Sources of data and emission factors:
The energy and fuel consumption data came from invoices and internal registers. SF6 and HFC (hydrofluorocarbons – greenhouse gases) were calculated on the basis of gas top-ups. The distance travelled by air was calculated on the basis of the internal register and flight routes.
For fuels, electric (location-based method) and thermal energy, emission factors and calorific values were taken on the basis of data from the National Centre for Emission Balancing and Management, whereas for SF6 and HFC gases GWP100 factors were taken in accordance with the 4th Intergovernmental Panel on Climate Change (IPCC) report. The emission factors for electricity according to the market-based method were assumed on the basis of information on the fuel mix used as published in the websites or respective energy suppliers. The emission factors for air business travel were taken from the DEFRA (UK Department for Environment, Food & Rural Affairs).

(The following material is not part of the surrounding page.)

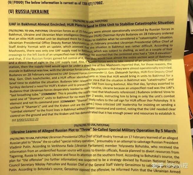 Hiện tại đã có thêm nhiều trang trong số tài liệu rò rỉ được công khai. Trong đó bao gồm tình hình Bakhmut vào cuối tháng Hai và việc Tổng thống Zelensky muốn ném bom lãnh thổ của Nga, cụ thể là Rostov.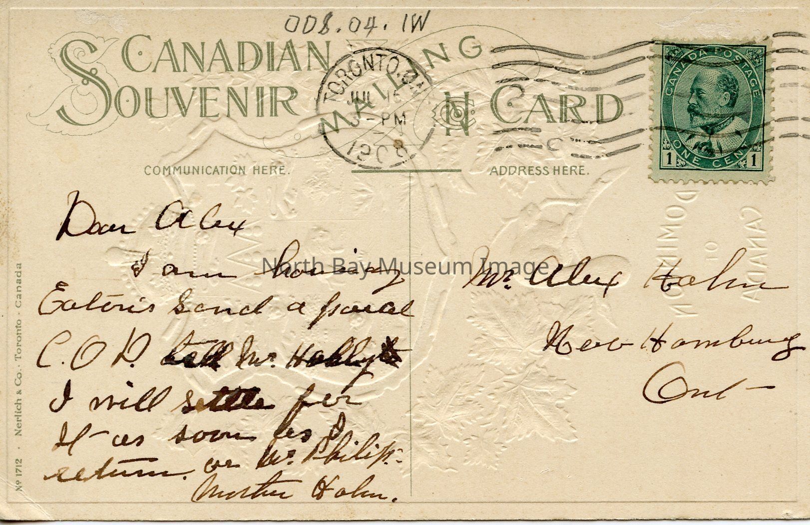 The back of the postcard has "Canadian Souvenir Card" written on the back. As well as "green one cent stamp and Edward V11." There is also handwriting on the back in black ink. It says

No biogenic greenhouse gas emissions were identified. The greenhouse gas included in emission factors for fuels, electric and thermal energy is CO2.
GRI 305-4
GHG emissions intensity ratio per electric energy unit taken off the grid
Mg CO2e
2019 2018 2017
GHG Scope 1 + 2 emissions (location-based) + 3 [Mg CO2e] 1,114,561 1,225,050 1,265,188
Quantity of energy taken off the grid [MWh] 105,739,380 107,089,437 102,646,083
GHG emissions/MWh of energy taken off the grid [Mg CO2e/MWh] 0.0105 0.0114 0.0123
Carbon footprint is the sum of greenhouse gas emissions produced directly or indirectly by a person, organisation, event or product. It includes the emissions of carbon dioxide, methane, nitrous oxide and other greenhouse gases, expressed in CO2 equivalent. Carbon footprint of an organisation includes emissions caused by all its activities. Its measure is MgCO2e – tonne (megagram) of carbon dioxide equivalent.
Carbon footprint is one of the key tools of contemporary environmental management. It is of an international nature and is used increasingly often by business operators as a basic method of improving business performance.